## Information provided:
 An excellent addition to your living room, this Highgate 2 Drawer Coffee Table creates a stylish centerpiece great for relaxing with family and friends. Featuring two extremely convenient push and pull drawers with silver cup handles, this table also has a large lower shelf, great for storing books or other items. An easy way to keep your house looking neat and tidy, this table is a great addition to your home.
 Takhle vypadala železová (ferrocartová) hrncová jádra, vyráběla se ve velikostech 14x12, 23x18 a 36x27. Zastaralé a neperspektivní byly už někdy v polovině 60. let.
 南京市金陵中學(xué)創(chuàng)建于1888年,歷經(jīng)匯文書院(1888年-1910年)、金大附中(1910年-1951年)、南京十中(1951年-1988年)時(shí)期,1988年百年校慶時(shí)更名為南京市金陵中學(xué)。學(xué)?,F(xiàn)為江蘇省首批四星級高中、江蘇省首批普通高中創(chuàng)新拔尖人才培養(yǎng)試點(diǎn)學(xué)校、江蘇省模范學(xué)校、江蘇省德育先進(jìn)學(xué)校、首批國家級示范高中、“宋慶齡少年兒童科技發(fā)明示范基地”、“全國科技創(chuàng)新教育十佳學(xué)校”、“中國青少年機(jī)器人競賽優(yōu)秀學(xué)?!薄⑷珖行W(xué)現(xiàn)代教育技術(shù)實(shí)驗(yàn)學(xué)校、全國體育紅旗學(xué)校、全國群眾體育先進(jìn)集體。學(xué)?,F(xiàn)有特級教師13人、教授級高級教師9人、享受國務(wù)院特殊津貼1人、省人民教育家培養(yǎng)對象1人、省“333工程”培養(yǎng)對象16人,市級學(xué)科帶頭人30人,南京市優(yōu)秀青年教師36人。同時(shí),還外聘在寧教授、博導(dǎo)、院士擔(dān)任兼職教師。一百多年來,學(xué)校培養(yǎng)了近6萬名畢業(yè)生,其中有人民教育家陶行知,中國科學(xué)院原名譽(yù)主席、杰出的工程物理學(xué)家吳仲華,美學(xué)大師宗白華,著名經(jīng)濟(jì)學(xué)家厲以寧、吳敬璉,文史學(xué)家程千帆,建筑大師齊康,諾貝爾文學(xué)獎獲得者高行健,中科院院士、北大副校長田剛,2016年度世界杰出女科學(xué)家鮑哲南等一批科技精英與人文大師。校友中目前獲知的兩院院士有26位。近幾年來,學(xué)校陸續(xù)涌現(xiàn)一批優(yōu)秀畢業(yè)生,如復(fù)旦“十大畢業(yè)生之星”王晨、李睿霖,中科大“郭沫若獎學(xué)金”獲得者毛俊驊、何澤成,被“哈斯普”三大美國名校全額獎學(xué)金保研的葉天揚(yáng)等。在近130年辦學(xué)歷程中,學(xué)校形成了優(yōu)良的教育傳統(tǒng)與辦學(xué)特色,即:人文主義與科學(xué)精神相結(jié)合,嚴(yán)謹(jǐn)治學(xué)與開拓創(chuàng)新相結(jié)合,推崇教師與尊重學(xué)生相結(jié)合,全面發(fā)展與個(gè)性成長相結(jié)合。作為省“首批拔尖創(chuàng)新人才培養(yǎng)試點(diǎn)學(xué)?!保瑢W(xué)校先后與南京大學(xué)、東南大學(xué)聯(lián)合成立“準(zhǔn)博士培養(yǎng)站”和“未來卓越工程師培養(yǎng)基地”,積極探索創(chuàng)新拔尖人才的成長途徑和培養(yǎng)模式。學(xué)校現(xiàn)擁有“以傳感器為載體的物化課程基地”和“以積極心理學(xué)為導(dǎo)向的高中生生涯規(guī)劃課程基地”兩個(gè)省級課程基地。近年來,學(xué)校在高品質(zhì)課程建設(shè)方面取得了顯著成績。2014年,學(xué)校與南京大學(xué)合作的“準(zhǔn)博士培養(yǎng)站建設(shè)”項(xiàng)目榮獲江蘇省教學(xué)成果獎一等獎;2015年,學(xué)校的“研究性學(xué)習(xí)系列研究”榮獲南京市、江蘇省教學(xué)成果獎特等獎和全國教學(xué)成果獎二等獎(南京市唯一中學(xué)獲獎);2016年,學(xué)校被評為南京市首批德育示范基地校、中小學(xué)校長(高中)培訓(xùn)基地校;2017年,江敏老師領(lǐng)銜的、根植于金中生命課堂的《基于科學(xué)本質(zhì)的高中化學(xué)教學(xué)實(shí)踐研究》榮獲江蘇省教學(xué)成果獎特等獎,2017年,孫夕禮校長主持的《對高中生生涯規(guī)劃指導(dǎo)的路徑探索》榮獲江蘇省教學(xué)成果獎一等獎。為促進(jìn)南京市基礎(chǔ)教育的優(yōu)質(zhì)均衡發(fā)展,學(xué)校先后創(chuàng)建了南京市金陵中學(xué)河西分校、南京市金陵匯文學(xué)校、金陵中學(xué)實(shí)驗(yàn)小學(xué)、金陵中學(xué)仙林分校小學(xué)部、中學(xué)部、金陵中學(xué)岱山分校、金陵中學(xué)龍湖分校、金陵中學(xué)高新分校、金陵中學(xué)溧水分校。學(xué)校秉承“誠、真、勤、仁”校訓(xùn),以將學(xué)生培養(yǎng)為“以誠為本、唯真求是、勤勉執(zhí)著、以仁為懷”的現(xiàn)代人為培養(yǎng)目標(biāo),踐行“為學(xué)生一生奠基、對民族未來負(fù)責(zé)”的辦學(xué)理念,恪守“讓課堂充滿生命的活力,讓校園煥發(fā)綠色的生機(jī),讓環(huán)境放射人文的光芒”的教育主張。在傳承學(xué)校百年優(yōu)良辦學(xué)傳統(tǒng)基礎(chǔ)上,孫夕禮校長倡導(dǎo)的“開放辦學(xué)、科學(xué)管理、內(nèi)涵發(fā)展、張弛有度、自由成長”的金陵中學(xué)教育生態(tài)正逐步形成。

* * *

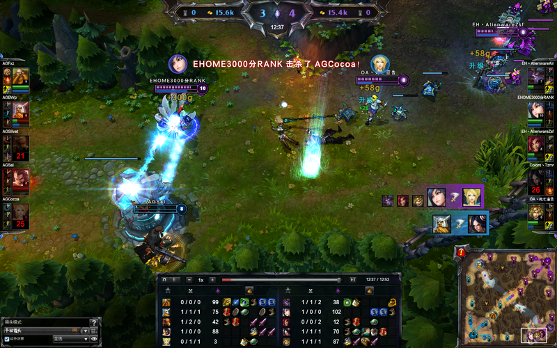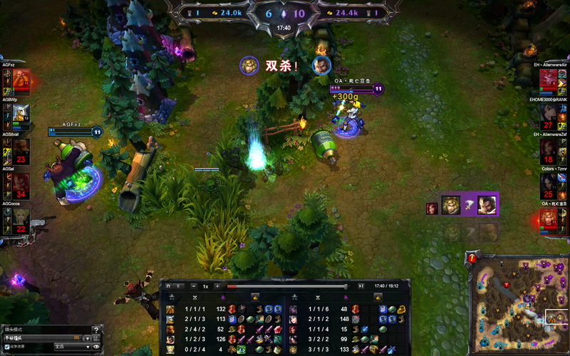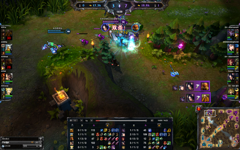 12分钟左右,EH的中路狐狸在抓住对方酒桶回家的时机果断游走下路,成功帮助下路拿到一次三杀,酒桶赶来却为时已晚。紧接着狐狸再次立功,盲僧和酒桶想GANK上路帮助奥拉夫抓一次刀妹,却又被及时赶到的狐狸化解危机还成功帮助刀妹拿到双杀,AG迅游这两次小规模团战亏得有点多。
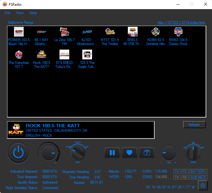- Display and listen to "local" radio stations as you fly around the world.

## Task goal:
All that should appear in the answer is the lines above from the line with "12分钟左右,EH的中路狐狸" through the line with "- Display and", retyped exactly, pictures left out.

## Solution to the exercise:
 12分钟左右,EH的中路狐狸在抓住对方酒桶回家的时机果断游走下路,成功帮助下路拿到一次三杀,酒桶赶来却为时已晚。紧接着狐狸再次立功,盲僧和酒桶想GANK上路帮助奥拉夫抓一次刀妹,却又被及时赶到的狐狸化解危机还成功帮助刀妹拿到双杀,AG迅游这两次小规模团战亏得有点多。
- Display and listen to "local" radio stations as you fly around the world.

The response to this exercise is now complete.